§ **Task to carry out**
Transcribe exactly the lines below that begin at the line with "Hard carbon slurries" and stop after the line with "din raionul Hîncești.", leaving out every picture.
*** Opening Data for processing ***
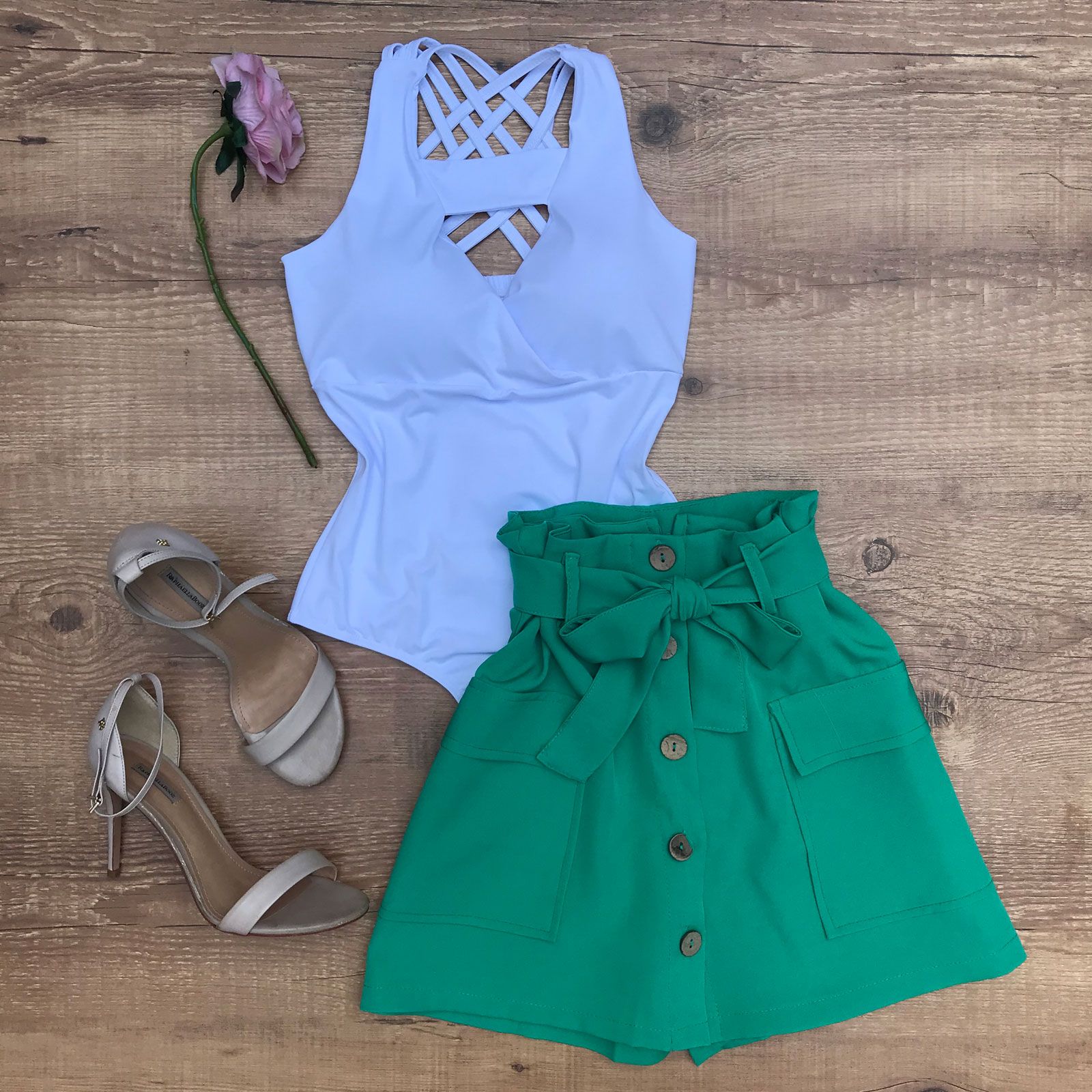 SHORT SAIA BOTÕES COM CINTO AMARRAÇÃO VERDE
*** Closing Data for processing ***
*** Opening Data for processing ***
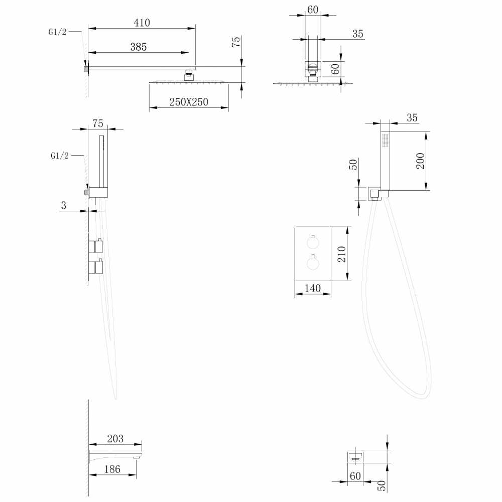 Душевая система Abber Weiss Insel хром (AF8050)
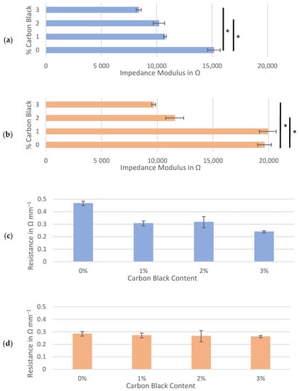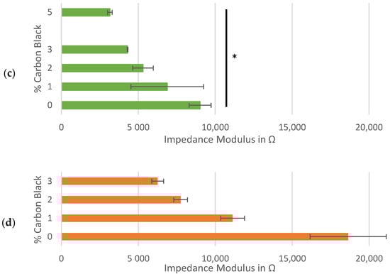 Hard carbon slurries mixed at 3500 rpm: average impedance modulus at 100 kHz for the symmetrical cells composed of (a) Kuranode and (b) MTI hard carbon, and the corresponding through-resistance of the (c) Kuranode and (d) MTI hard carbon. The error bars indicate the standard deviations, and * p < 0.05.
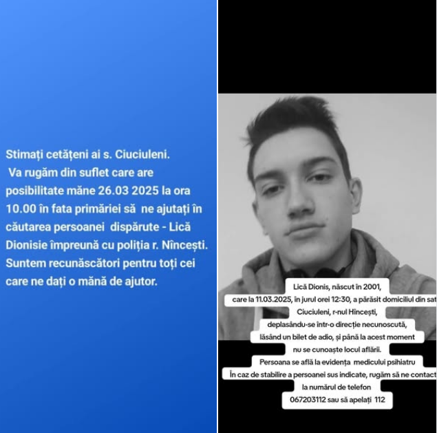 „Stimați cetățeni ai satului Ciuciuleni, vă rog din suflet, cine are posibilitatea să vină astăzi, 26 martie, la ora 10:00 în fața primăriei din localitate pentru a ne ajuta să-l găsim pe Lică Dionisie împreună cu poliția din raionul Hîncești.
*** Closing Data for processing ***
§ **Exercise output**
 Hard carbon slurries mixed at 3500 rpm: average impedance modulus at 100 kHz for the symmetrical cells composed of (a) Kuranode and (b) MTI hard carbon, and the corresponding through-resistance of the (c) Kuranode and (d) MTI hard carbon. The error bars indicate the standard deviations, and * p < 0.05.
 „Stimați cetățeni ai satului Ciuciuleni, vă rog din suflet, cine are posibilitatea să vină astăzi, 26 martie, la ora 10:00 în fața primăriei din localitate pentru a ne ajuta să-l găsim pe Lică Dionisie împreună cu poliția din raionul Hîncești.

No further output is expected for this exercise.